Лева в ответ пожал плечами.
Помолчав, он сказал:
— Можно спорить с тем, кто ищет истину, с тем, кто хочет утвердиться в своем мнении, спорить бесполезно.
— Ты ничего не понял, — ответил Саша.
— А ты ничего не сказал.
Так и поругались.
Неприятно было лежать молча, продолжая мысленно переругиваться, но, к счастью, пришел Рогов. Снова с фруктами. И с сигаретами. И даже денег немного принес. От Матвея, как выяснилось.
Они ушли курить.
— Матвей объявился, — рассказал он новости. — Все вроде нормально. «Контора» отчего-то оставила их в покое.
Саша молча слушал.
Ему как-то полегчало сразу. Рогов был ровный нравом, но упрямый — исходило ощущение, будто он воспринимал мир как механизм, где что-то изогнулось и надо выправить, чтобы не сбоило.
— Короче, тебе больше всех досталось, — сказал Рогов.
— Еще не ясно, что там делают с нашими пацанами в Латвии, — ответил Саша.
— Эта да, — согласился Рогов.
«Почему все-таки Яну не тронули?» — подумал Саша.

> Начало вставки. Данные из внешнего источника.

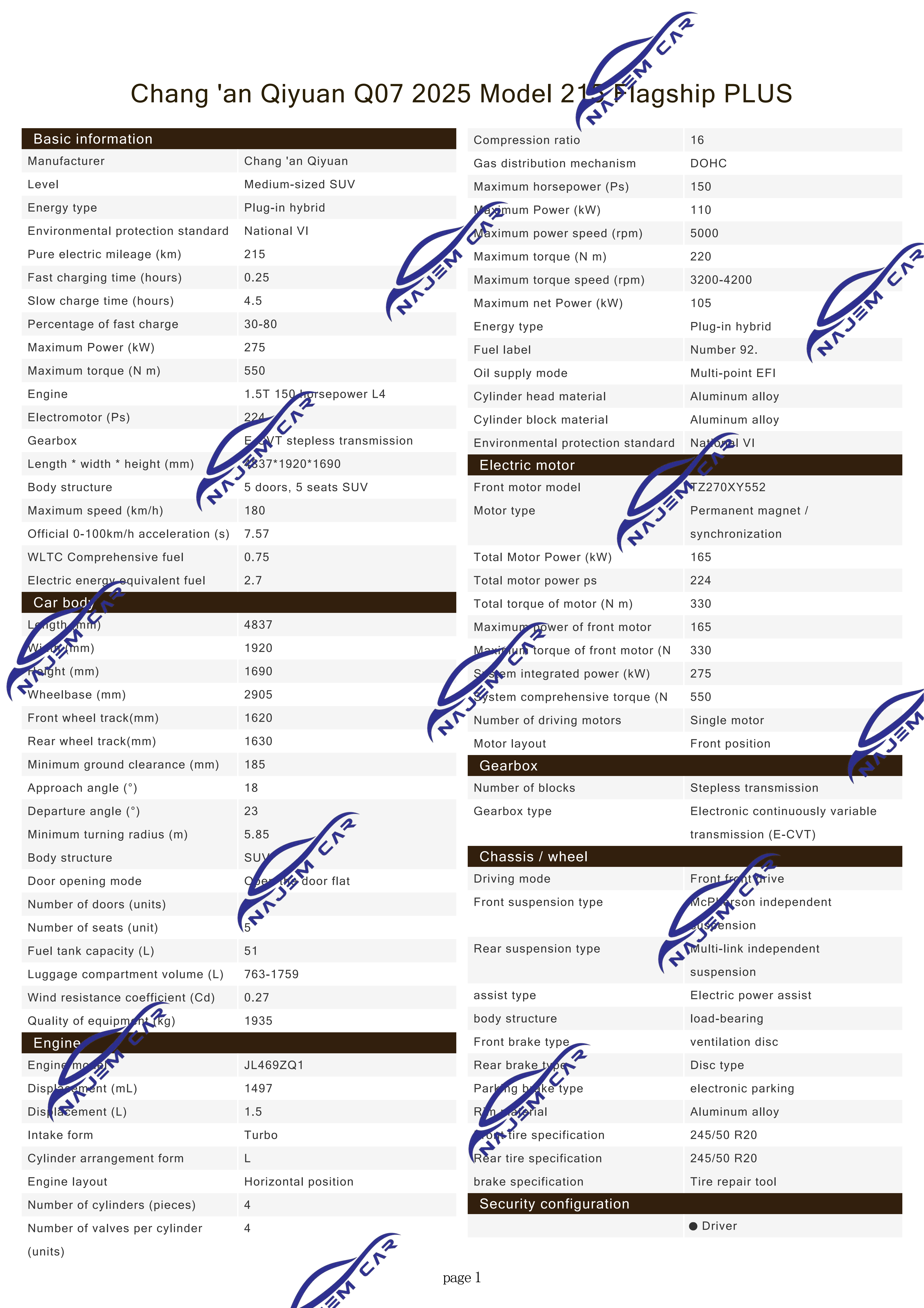 Changan NEVO Q07 is powered by the Smart New Blue Whale 3.0 powertrain system, offering two hybrid systems: a 1.5T and a 1.5L. The 1.5T engine delivers a maximum power output of 110 kW, with a pure electric range of 215 km and a combined range exceeding 1,400 km. The fuel consumption under battery depletion is 3.9 L/100 km, and it also supports fast charging, with a charging time of just 15 minutes from 30% to 80%. The 1.5L version has a maximum power output of 72 kW, with two pure electric range options of 145 km and 215 km.
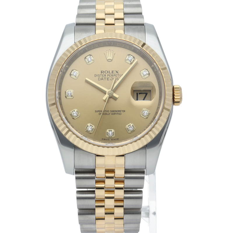 ロレックスの象徴「デイトジャスト」Ref.116233G。イエローゴールドのコンビケースに、10粒のダイヤモンドを配したラグジュアリーな仕様です。ブレスレットの堅牢性やケースのボリュームが増したことで、旧型以上の高級感を実現。普遍的なデザインに宝石の輝きが華を添える、ステータス性抜群のエレガントな一本です。
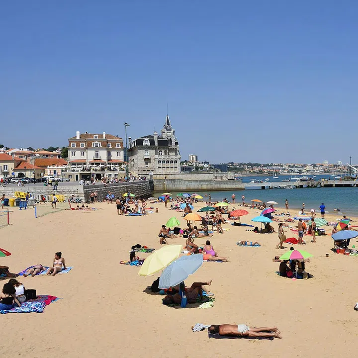Sunbathers at the Praia da Rainha, one of many beaches in the seaside town of Cascai.
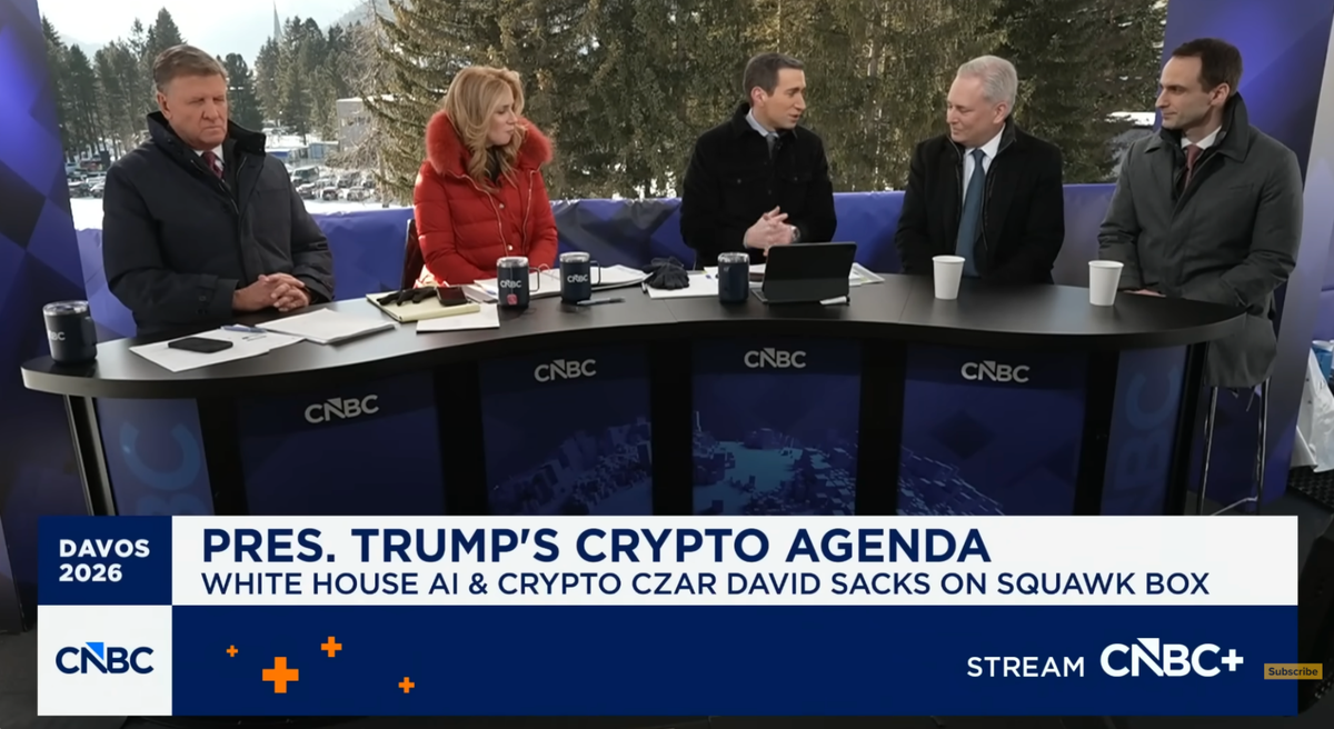 Sacks是在瑞士达沃斯世界经济论坛(WEF)期间接受CNBC《Squawk Box》节目采访时发表上述讲话。当时他被问及关于拟议的CLARITY法案的谈判进展,该市场结构法案因围绕稳定币发行方是否应被允许提供收益的争议而陷入停滞。
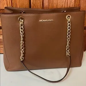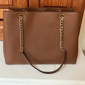 Elevate your style with this elegant brown leather tote bag from Michael Kors. Perfect for any occasion, this bag combines luxury and functionality.
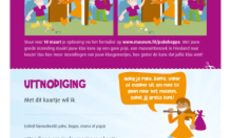 Help Pake & Beppe De Vakantie Door 2026 is van 24 februari t/m 27 februari. Musea in heel Friesland openen dan hun deuren speciaal voor kinderen. Er worden allerlei leuke activiteiten georganiseerd. En kinderen hebben gratis entree ‘op vertoon’ van een volwassene. Dus niet alleen je pake en beppe mogen mee, ook je ouders, oom of tante! Ook voor hen hebben de musea van alles leuks in petto.
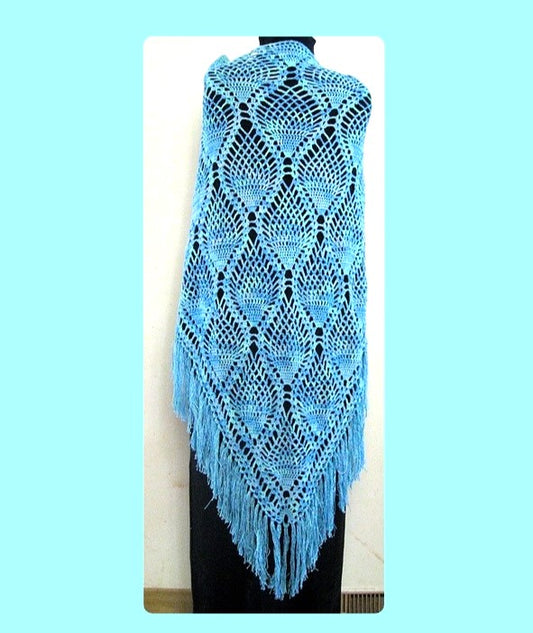 Vintage Crochet Pattern Womens Pineapple Lace Shawl PDF Instant Digital Download Boho Tasseled Wrap 4 Ply
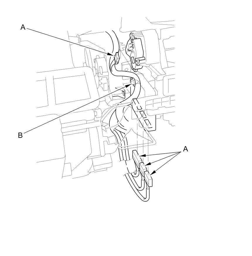11. Disconnect these connectors (A): The recirculation control motor, and the climate control unit. Detach the harness clip (B).
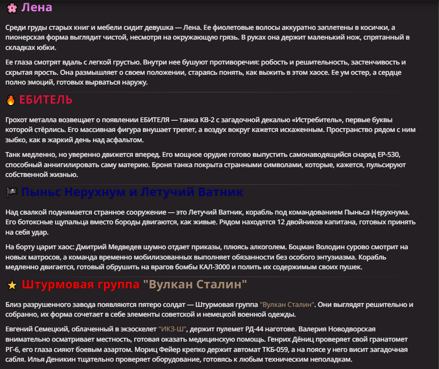 Похоже нейронка ещё в описании поменяла бойца из таркова на Единорога и Хайзенберга. Первого я увидел, а второго только сейчас, и ругался из-за него на нейроночку...
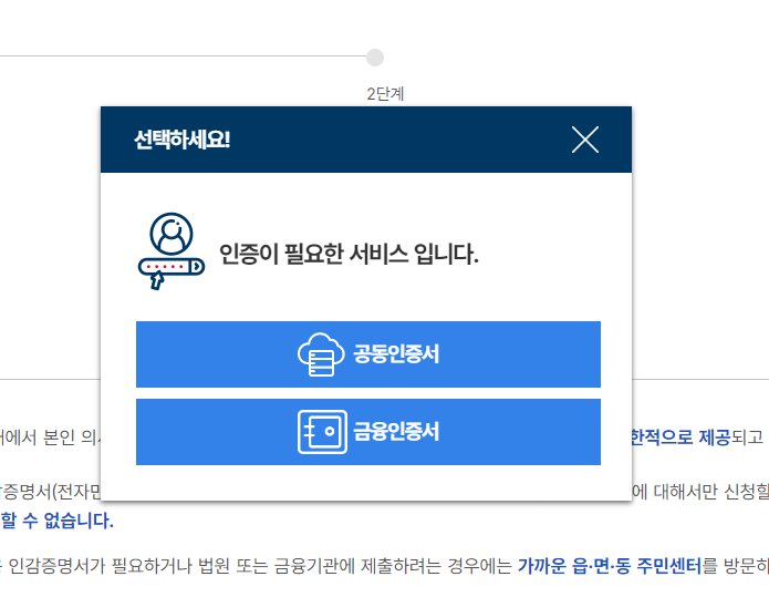 2. 본인인증: 두 번의 본인인증 절차가 있습니다. 첫번째는 공동인증서 또는 금융인증서를 통해 본인 인증을 진행합니다. 그러고 나서 휴대폰 본인인증을 한 번 더 하게 됩니다.
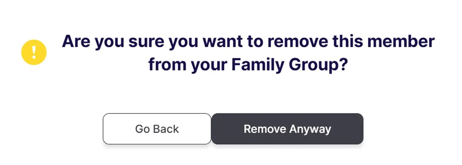 Remove a family member: Click on the three dots next to the member name, then click Remove Family Group Member, that you wish to remove. Click on Remove Anyway if you agree or click on Go Back if you wish to cancel the removal. Repeat for all members you wish to remove.
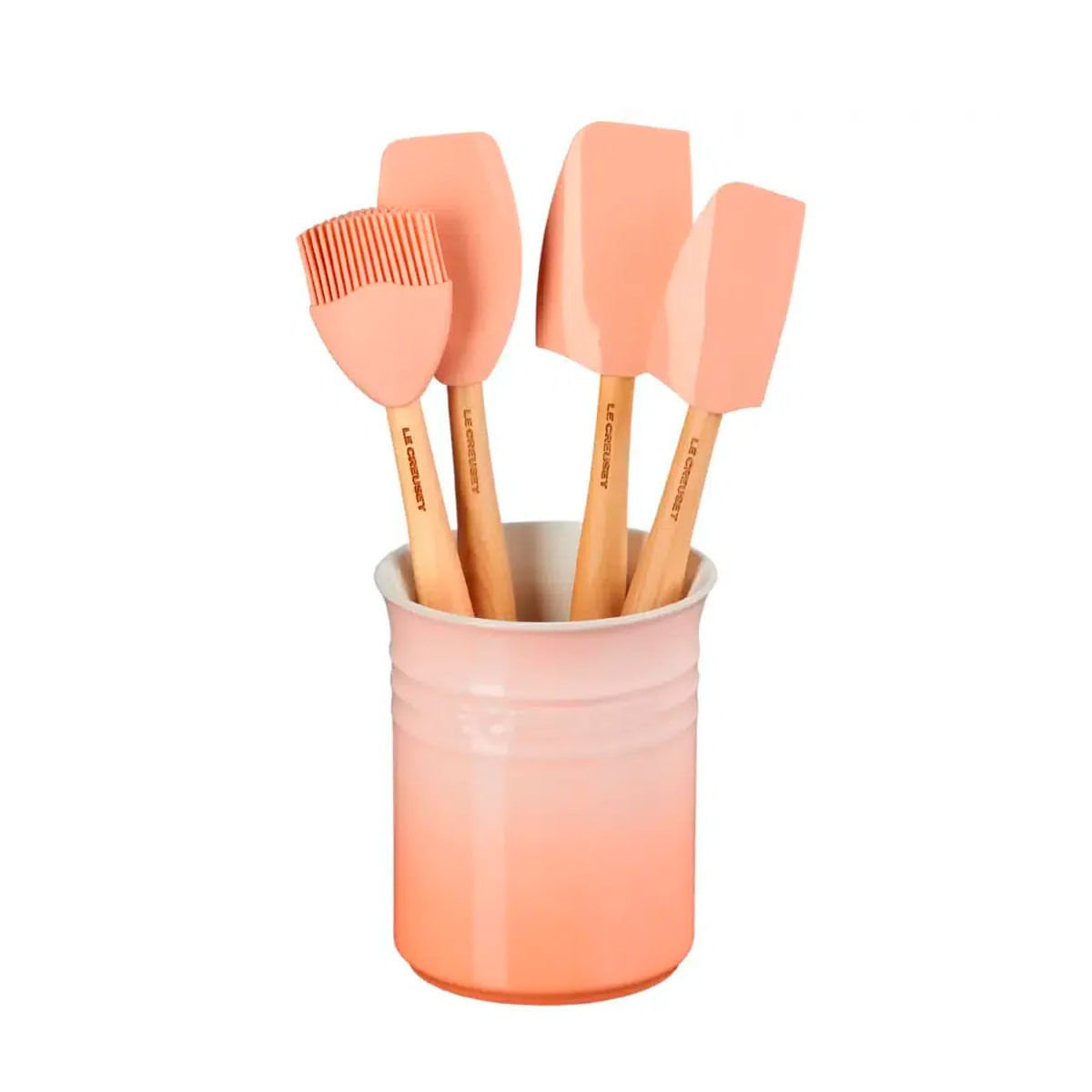 Kit 03 Espátulas, 01 Pincel e 01 Porta Utensílios 1,1 L Pêssego Peche Le Creuset
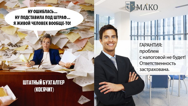 Все документы МАКО проходят многоэтапную проверку, что сводит вероятность ошибки на уровень статистической погрешности. Если всё же МАКО допустит ошибку и она приведёт клиента к штрафу – его оплатит МАКО. Если же ошибается штатный бухгалтер – его невозможно привлечь к ответственности, все риски – на компании. Ответственность МАКО застрахована на 5 000 000 рублей.
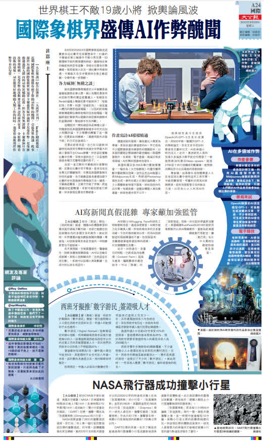 大公報綜合彭博社、《大西洋月刊》、Insider網站、「對話」網站、《紐約時報》報道,近期國際象棋界盛傳有棋手借助AI作弊的醜聞,引起各界熱議。此事源於31歲的國際象棋世界冠軍卡爾森質疑19歲對手尼曼作弊,尼曼被指通過置入體內的AI裝置輔助比賽,但各方皆無證據。卡爾森26日首次發聲明稱,尼曼作弊的次數要比他承認的兩次更多。分析指,隨着技術的發展,AI在能更好地輔助人類工作的同時,也更容易被用於作弊等不良勾當。
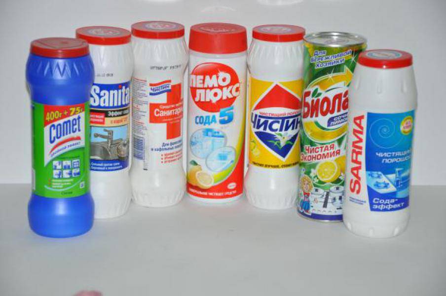 Можно попробовать избавиться от плесени и специфического запаха при помощи порошка «Комет», который на 100% удаляет налет и опасные микробы. Чистящим препаратом «Мистер Мускул» за 1 раз удается удалить жирные пятна и грибок. Биоразлагаемое средство «Сама» не нужно смывать. Оно не вредит продуктам и здоровью человека. Удалит старую плесень, не допустит появление новой. Немецкий препарат Luxus выпускают именно для очищения холодильника. Им можно быстро отмыть загрязнения и устранить неприятный аромат. Luxus предотвращает размножение микробов.
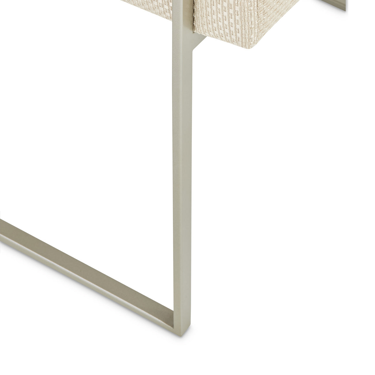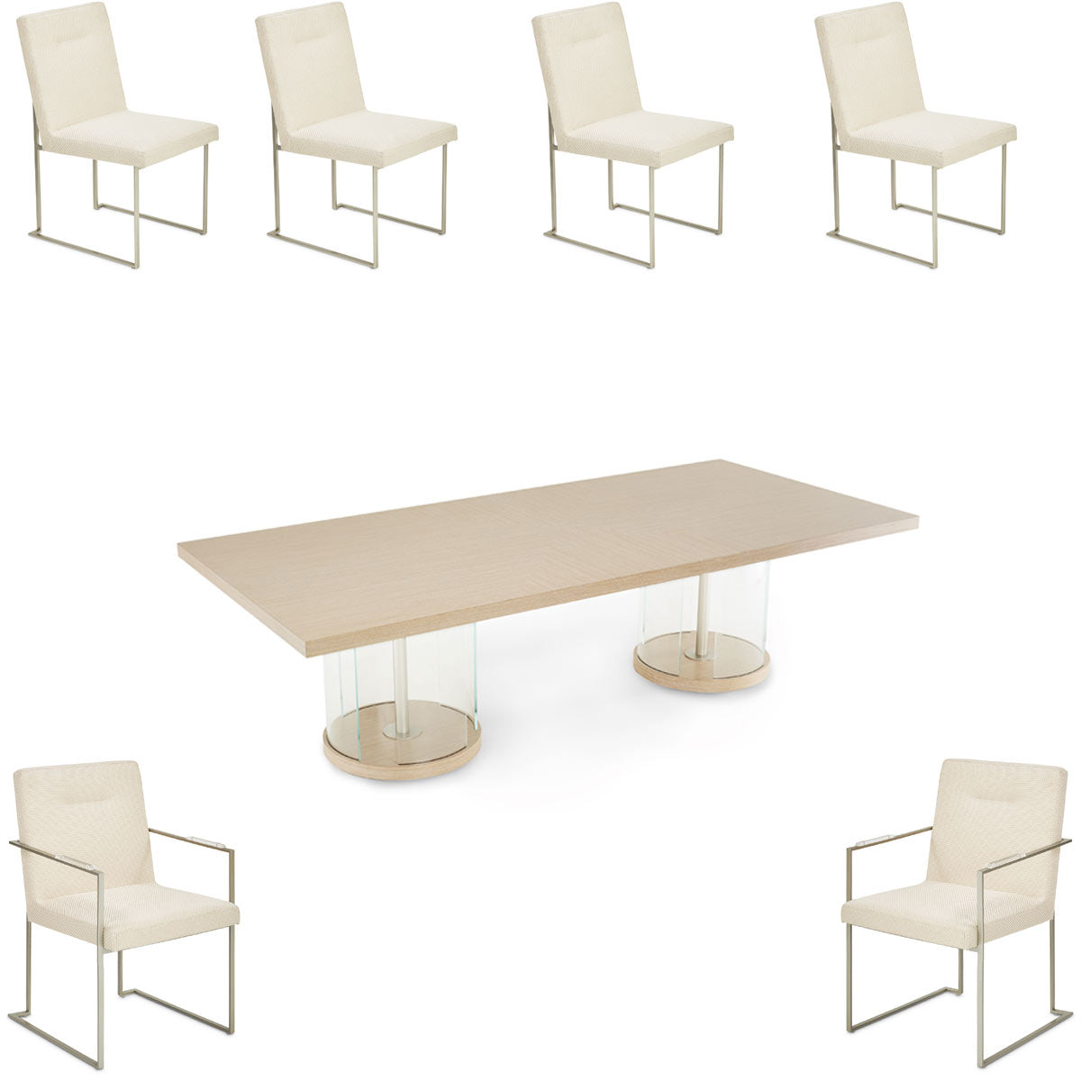 The Laguna 7-Piece Rectangular Dining Table Set by AICO Furniture blends innovative serving features with refined design. Showcasing oak veneer in a Washed Oak finish, a sculptural pedestal with a brushed platinum center post and curved acrylic panels, and a raised Lazy Susan at center, this set includes a 108" x 50" table, four side chairs, and two arm chairs.
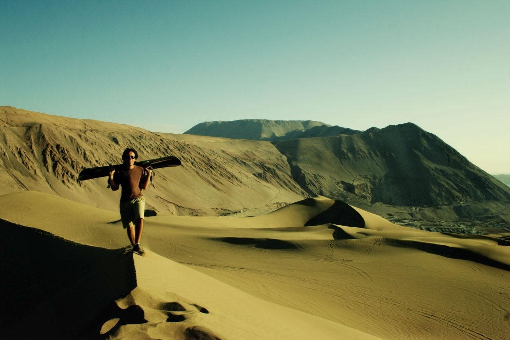 Chile, Iquique, Sandboard in Iquique’s dunes
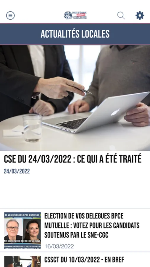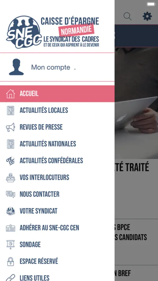 Dans cette application, retrouvez facilement toute l’actualité, nos tracts et toutes les informations liées au dialogue social au sein de la Caisse d’Epargne Normandie et du groupe Caisse d’Epargne.
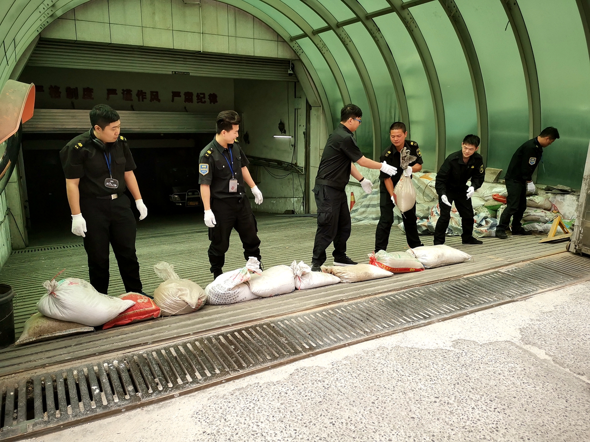 此次应急预案演练场景为突遭暴雨,金库面临被水淹危险,抢险小组根据现场水灾情况速度开展救援,开启排水泵,并用沙袋堵住地下室出入口大门,防止雨水灌入,经过防汛抢修,演练圆满完成。
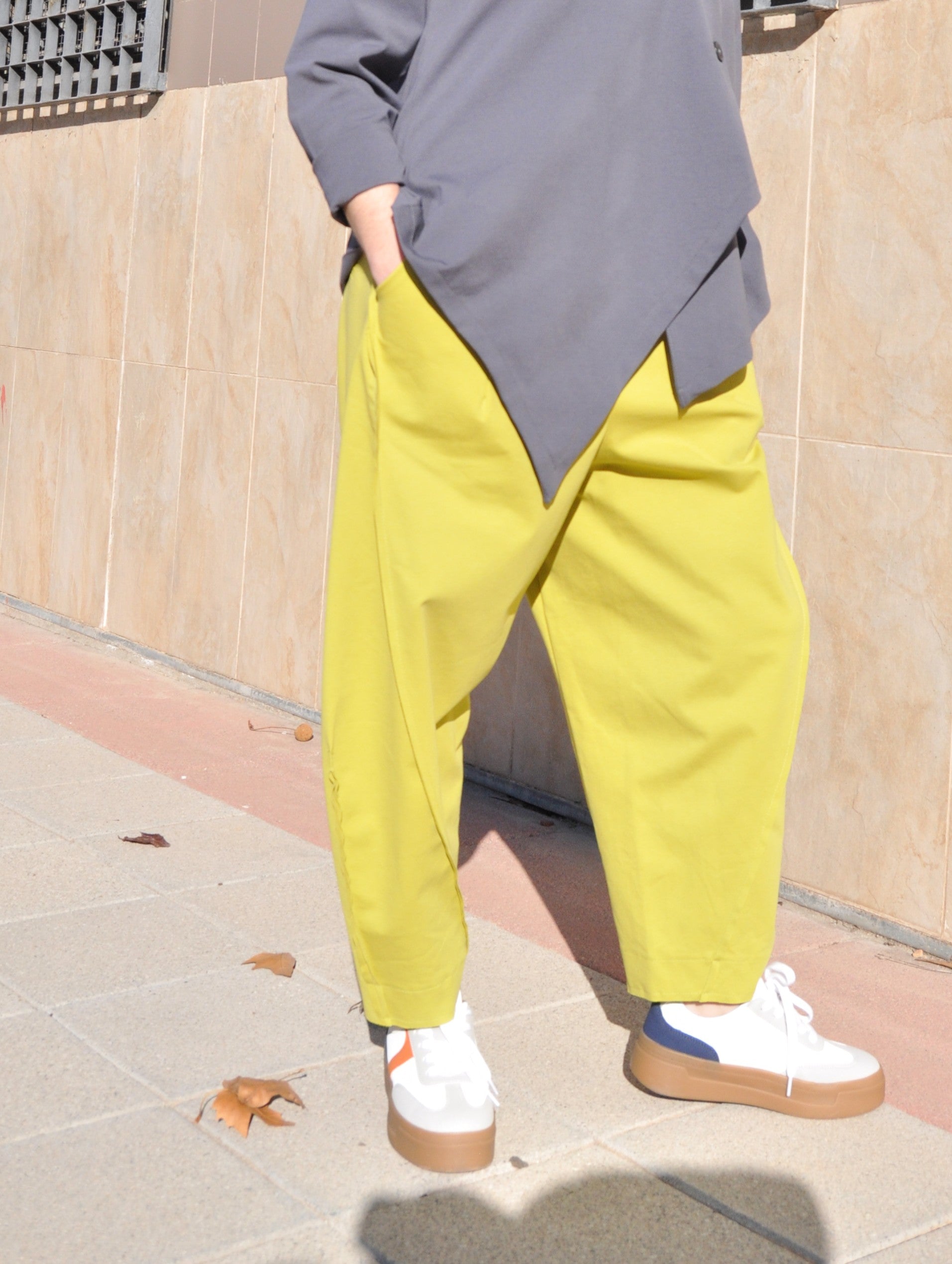 Pantalón baggy confeccionado en un maravilloso tejido de punto roma en color verde lima. Ideal para darle un rollazo a tus outfits. Cintura elástica.
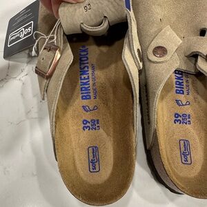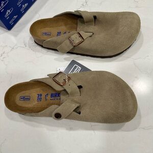 Beautiful size 39 clogs, regular fit, brand new, comes in box but box was not in perfect condition (shoes are). Received as gift, too late for returns!

И, словно догадавшись, о чем Сашка думает, Рогов сказал:
— Сразу после того как тебя взяли, видели Яну, выходившую из ФСБ.
Саша вперился в Рогова.
— И чего?
— И ничего. Об этом сказали Матвею, он кивнул и велел не трепаться.
Саша смолк.
— Не понятно ничего, — сказал он.
Они снова покурили, и, уходя, Рогов еще раз огорошил, на этот раз куда больнее:
— Мать твоя звонила в бункер. Спрашивала, что с тобой… У тебя дедушка умер, сказала.
— Когда звонила? — быстро спросил Саша.
— Позавчера.
— А ты что не передал мне?
— А что бы ты сделал? Поехал бы? Верхом на «утке»…
Проводив Рогова, Саша улегся на кровать — в голове все расползалось, ни о чем не получалось думать определенно.
Дед умер… Нет теперь больше других Тишиных. Он один — Саша.
Ночью дедушка приснился. Последнее время Саше вообще часто снилось что-то. Дедушка сидел на паперти, просил подаяние.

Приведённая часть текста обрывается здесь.